WORK ITEM: Should the entries contain pictures, leave them out and return exactly the lines from the first through the line holding "throughout the day.".

Start of Block

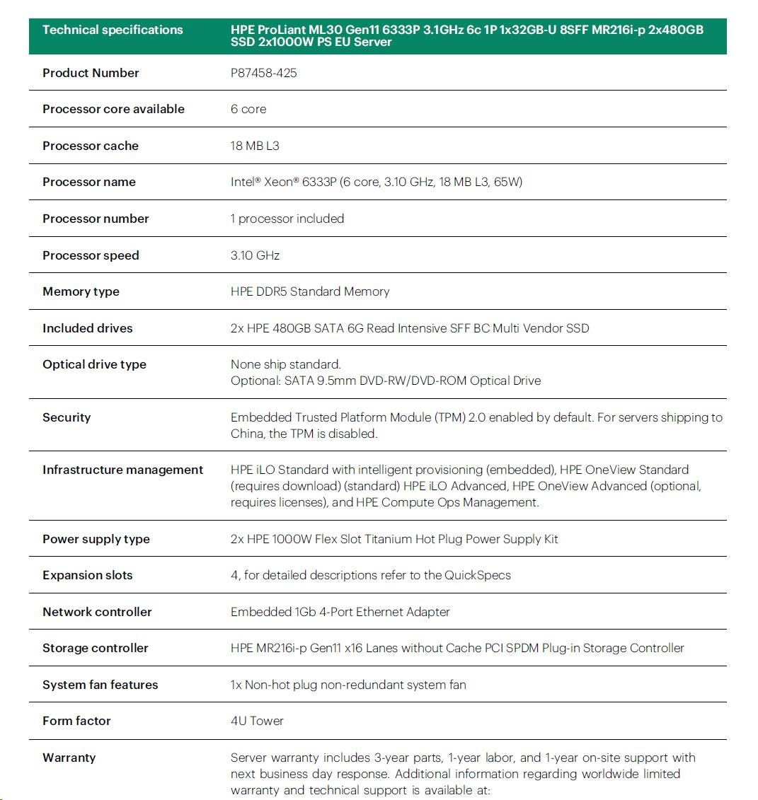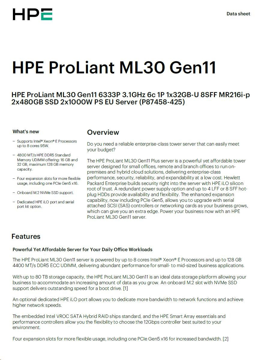 HPE PL ML30g11 6333P (3.1G/6C12T/65W) 1x32G 2x480G 2x1000W MR216i-p 8SFF 4p1G NBD311 Smart Choice
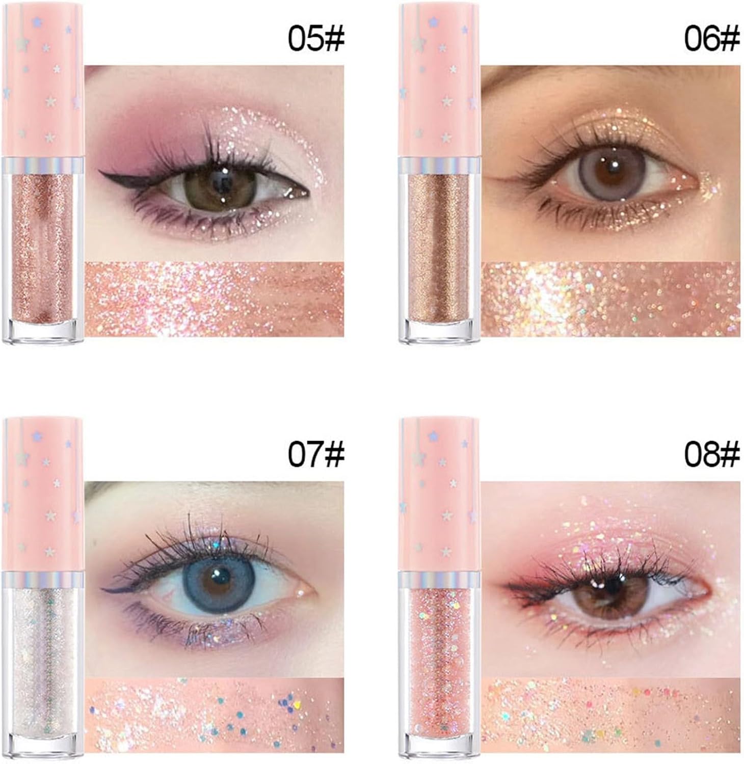 ❥【Liquid Eye Glitter】- It will last up to 12 hours for its highly pigmented formula. It goes on smoothly, and has a shimmer glitter highlighter effect.It works great when you go working/shopping/partying/even swimming throughout the day.
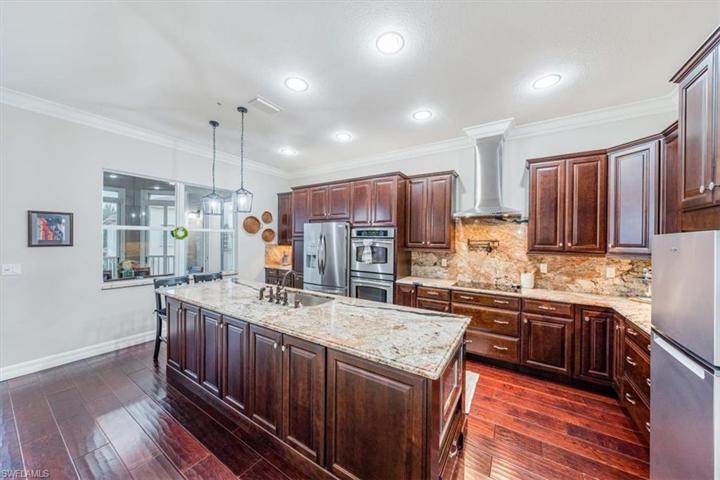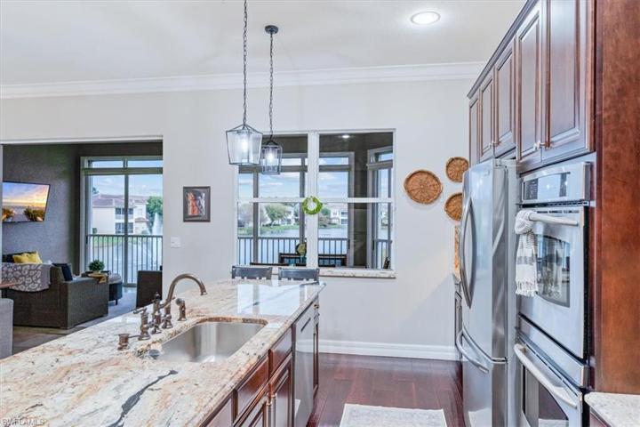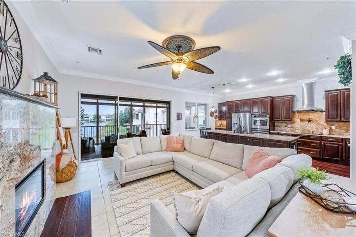 Expanded kitchen with a huge lake view!! With 3 bedrooms + Den, 2.5 baths & a 2-car garage, this residence seamlessly blends comfort & elegance. The open floor plan creates an inviting ambiance, featuring a living room with designer wall and a fireplace, formal dining area & an eat-in kitchen flowing to a glass-enclosed lanai with a captivating lake view. An updated kitchen is a delight with a large island, breakfast bar, stainless steel appliances, granite backsplash, pot filler & a spacious pantry. The owner’s suite is a sanctuary w/a fireplace, sitting area & custom-organized closet, while the updated bathroom boasts dual vanities & a walk-in shower. Additional features include a charming beadboard foyer, tile & wood flooring, ceiling fans & designer lighting. The community, installing new roofs this year, offers a pool, billiards & an events calendar w/game nights, water aerobics, yoga, monthly food trucks, live music, & more. Minutes away from RSW Airport, Hertz Arena, Miromar Outlets & walking/biking distance to Coconut Point Mall, this residence provides comfort & accessibility to desirable destinations.
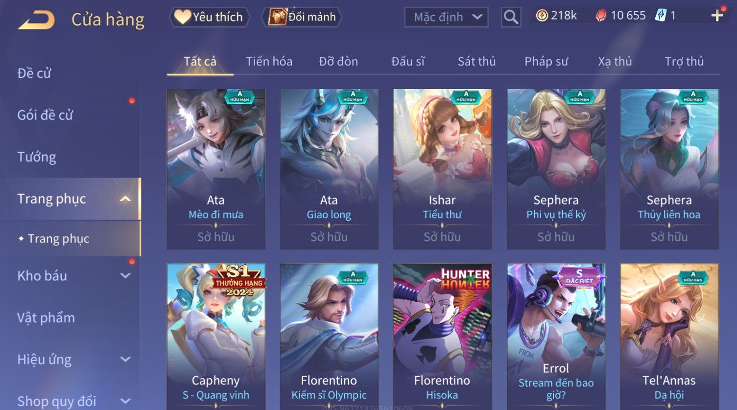 Nổi bật: Skin: Điêu Thuyền Thất Tịch Tiên Tử Full Ngọc, Nhiều Skin Đẹp
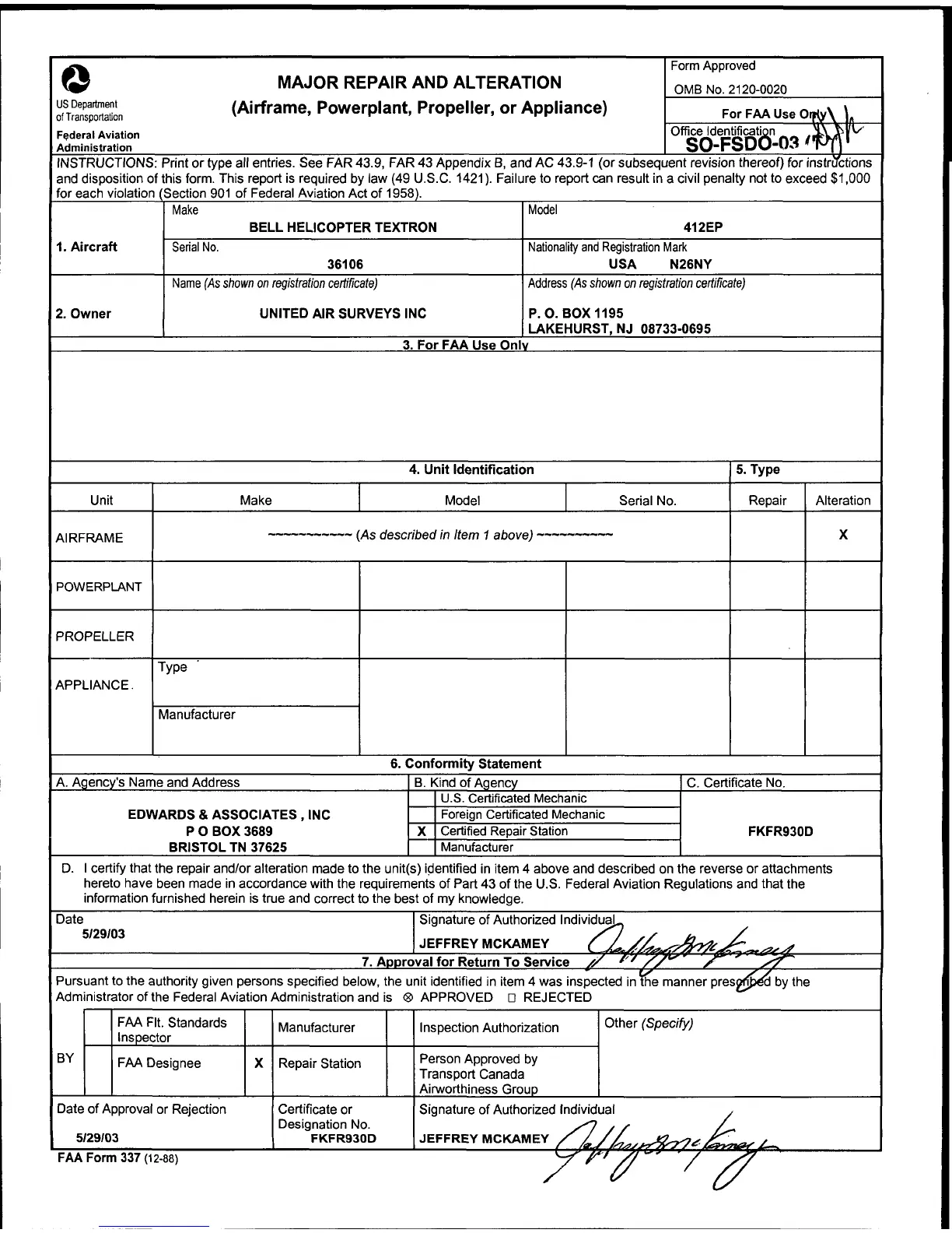 MAJOR REPAIR AND ALTERATION
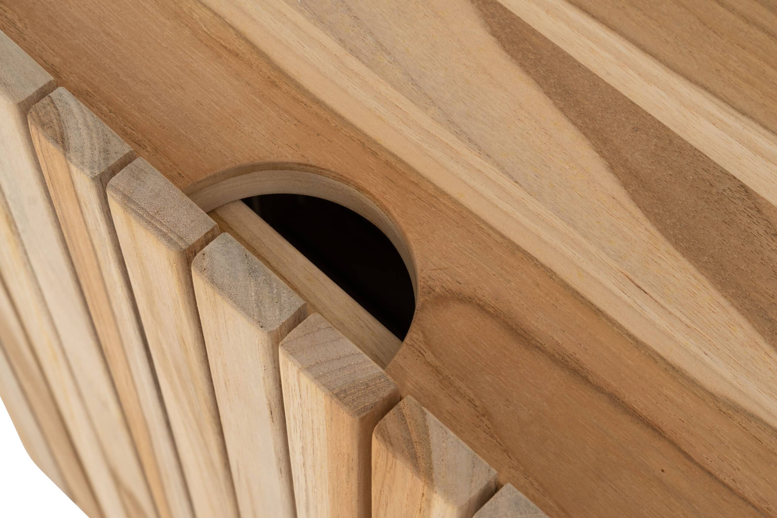 Kurven har fast bunn og et praktisk lokk som vippes opp, slik at skittentøyet skjules på en elegant måte. Teak er et treslag som er naturlig motstandsdyktig mot fukt, og egner seg derfor svært godt til bruk i rom med høy luftfuktighet. Over tid vil treverket utvikle en vakker, naturlig patina.
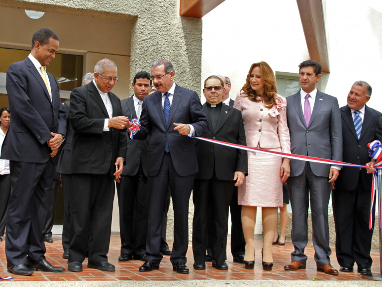 El presidente Danilo Medina entrega un corte de la cinta a monseñor Ramón Benito De la Rosa y Carpio.
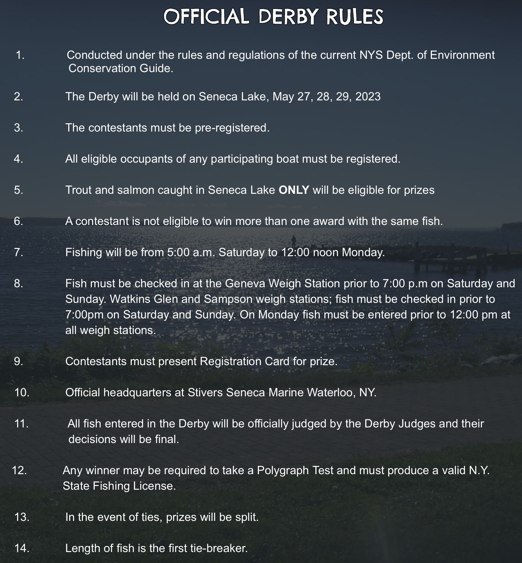 GENEVA, May 1, 2023 — This coming Memorial Day weekend, anglers will converge on Geneva — the so-called “Lake Trout Capital of the World” — to compete in Seneca Lake’s 59th annual National Lake Trout Derby.
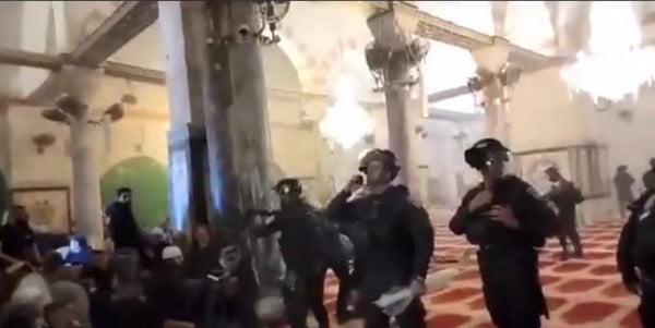 اقتحمت قوات الاحتلال الإسرائيلي، المسجد القبلي في ساحات المسجد الأقصى المبارك، واعتدت على المعتكفين فيه ونكلت بهم، وشنت حملة اعتقالات واسعة بين صفوفهم.
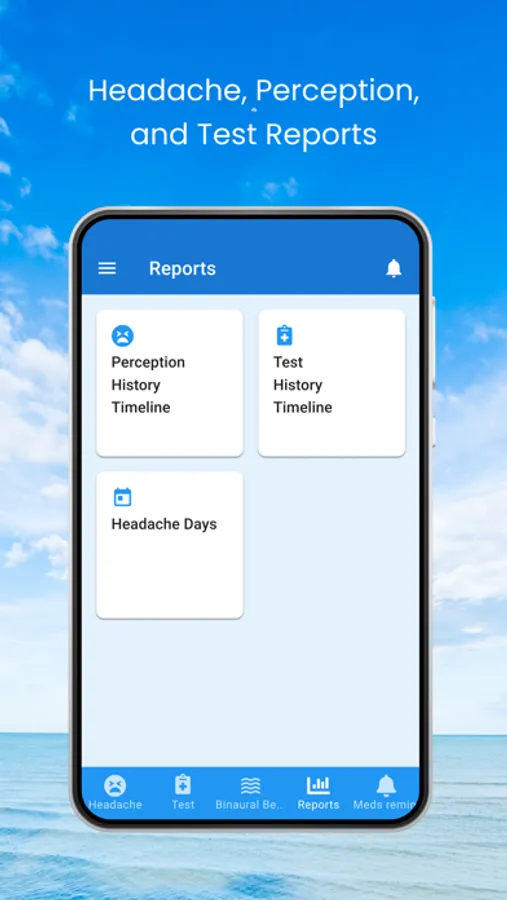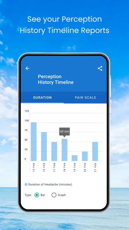 4. Provides your Headache Perception History, Test History Timeline, and Graphs.
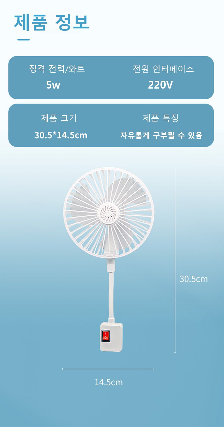 무음 소켓 미니 선풍기 제품 전체 이미지
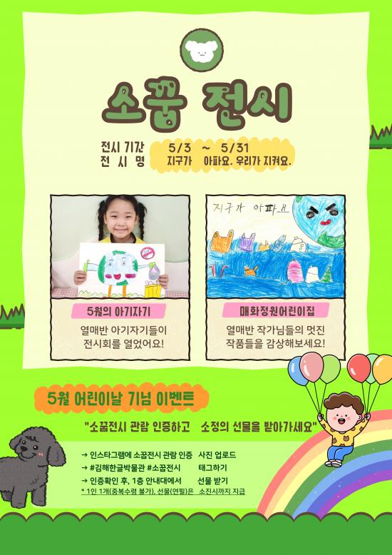 [½Åµ¿¾Æ¹æ¼Û´º½º=½Åµ¿È£±âÀÚ] ±èÇØÇѱ۹ڹ°°ü¿¡¼­´Â 5¿ù 3ÀϺÎÅÍ 31ÀϱîÁö Á¦1ȸ ÀÛÀºÈ­¶û Àü½Ã ¼Ò²ßÀü½Ãȸ°¡ °³ÃÖµÈ´Ù°í ¹àÇû´Ù. À̹ø ¼Ò²ßÀü½Ãȸ´Â ±èÇØÇѱ۹ڹ°°ü¿¡¼­ óÀ½ °³ÃֵǴ Àü½Ã·Î ¸ÅÈ­Á¤¿ø¾î¸°ÀÌÁý(±èÇØ½Ã ¼ÒÀç)ÀÇ ¡®¾Æ±âÀڱ⡯´ÔµéÀÌ Á÷Á¢ ¸¸µç ÀÛǰ ¡¦
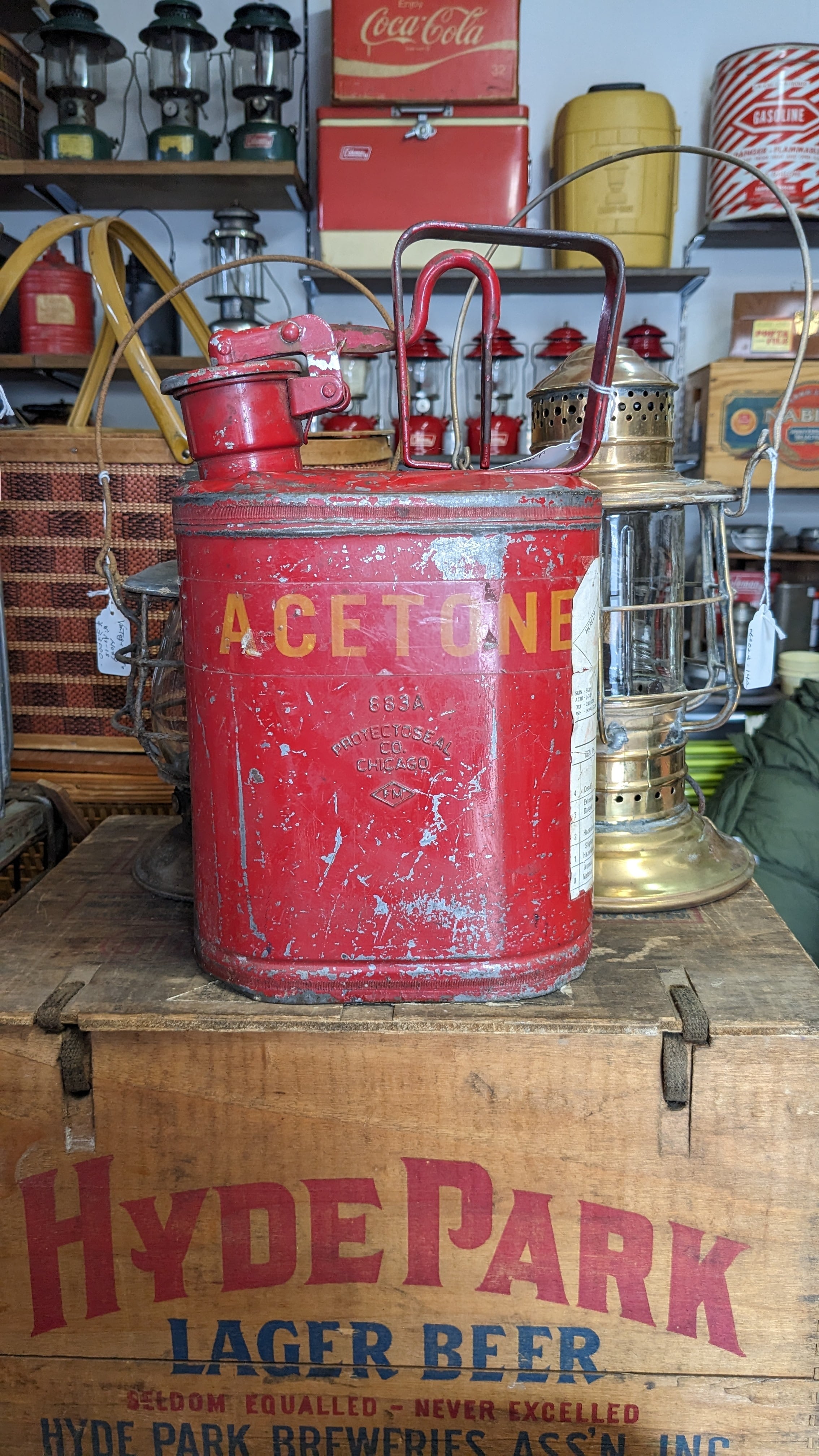 Vintage PROTECTOSEAL Co CHICAGO 883A Safety Can Gasolin Can Tank 1gallon Oil Can ヴィンテージ セーフティー缶 ガソリン缶 オイル缶 携行缶 1ガロン アンティーク キャンプギア ホワイトガソリン入れ 灯油缶

End of Block

COMPLETED EXERCISE:
 HPE PL ML30g11 6333P (3.1G/6C12T/65W) 1x32G 2x480G 2x1000W MR216i-p 8SFF 4p1G NBD311 Smart Choice
 ❥【Liquid Eye Glitter】- It will last up to 12 hours for its highly pigmented formula. It goes on smoothly, and has a shimmer glitter highlighter effect.It works great when you go working/shopping/partying/even swimming throughout the day.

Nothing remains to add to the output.